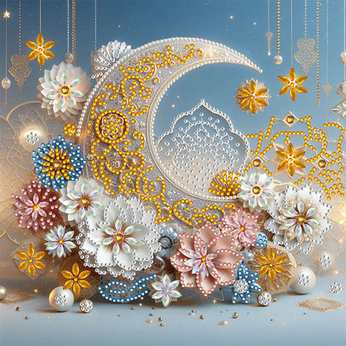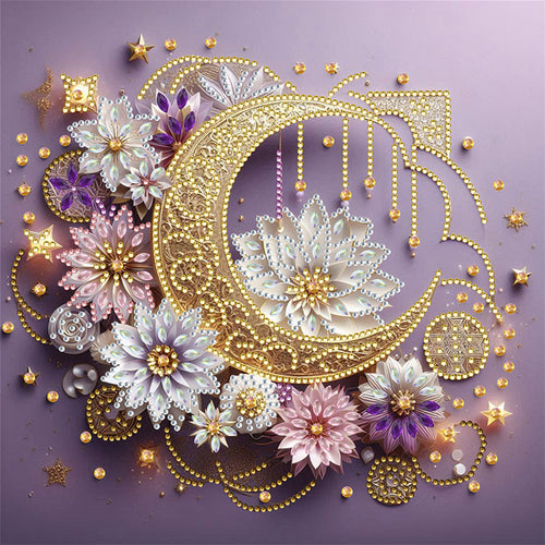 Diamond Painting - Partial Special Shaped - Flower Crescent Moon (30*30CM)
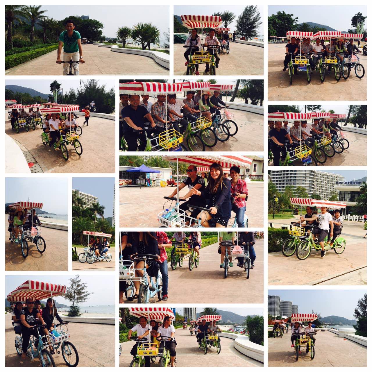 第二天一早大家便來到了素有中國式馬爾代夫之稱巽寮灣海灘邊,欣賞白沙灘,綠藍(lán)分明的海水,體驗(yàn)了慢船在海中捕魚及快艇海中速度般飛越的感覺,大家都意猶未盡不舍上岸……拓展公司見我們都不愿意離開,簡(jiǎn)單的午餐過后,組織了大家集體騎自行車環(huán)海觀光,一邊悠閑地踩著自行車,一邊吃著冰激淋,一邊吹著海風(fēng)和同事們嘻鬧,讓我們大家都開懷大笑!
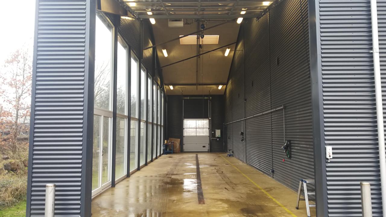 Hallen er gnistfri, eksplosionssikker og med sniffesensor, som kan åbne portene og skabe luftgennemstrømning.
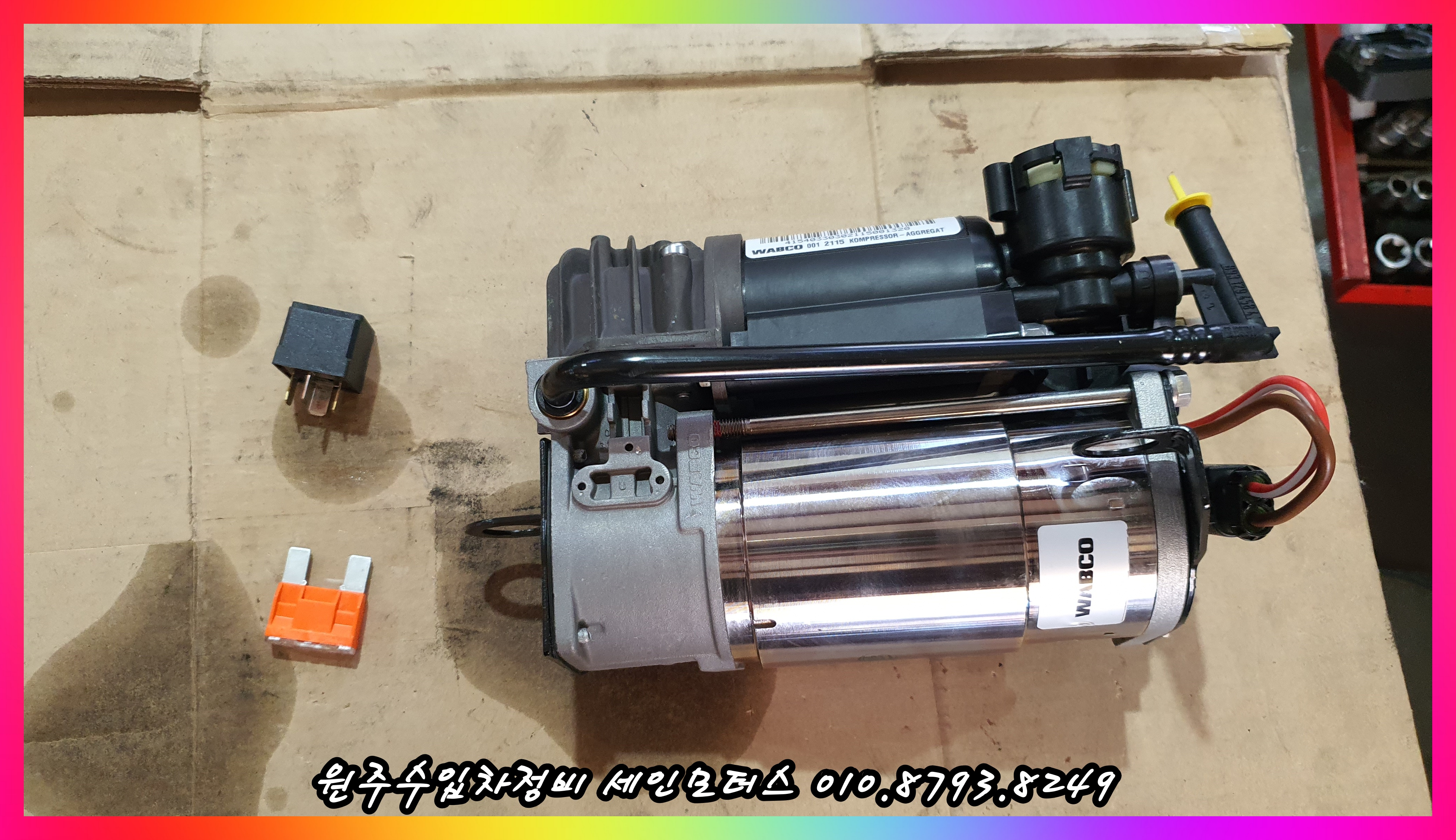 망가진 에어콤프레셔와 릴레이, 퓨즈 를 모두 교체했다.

**PROBLEM DESCRIPTION**
Would you print all of the material exactly as written, minus the pictures?

**ANSWER**
 Diamond Painting - Partial Special Shaped - Flower Crescent Moon (30*30CM)
 第二天一早大家便來到了素有中國式馬爾代夫之稱巽寮灣海灘邊,欣賞白沙灘,綠藍(lán)分明的海水,體驗(yàn)了慢船在海中捕魚及快艇海中速度般飛越的感覺,大家都意猶未盡不舍上岸……拓展公司見我們都不愿意離開,簡(jiǎn)單的午餐過后,組織了大家集體騎自行車環(huán)海觀光,一邊悠閑地踩著自行車,一邊吃著冰激淋,一邊吹著海風(fēng)和同事們嘻鬧,讓我們大家都開懷大笑!
 Hallen er gnistfri, eksplosionssikker og med sniffesensor, som kan åbne portene og skabe luftgennemstrømning.
 망가진 에어콤프레셔와 릴레이, 퓨즈 를 모두 교체했다.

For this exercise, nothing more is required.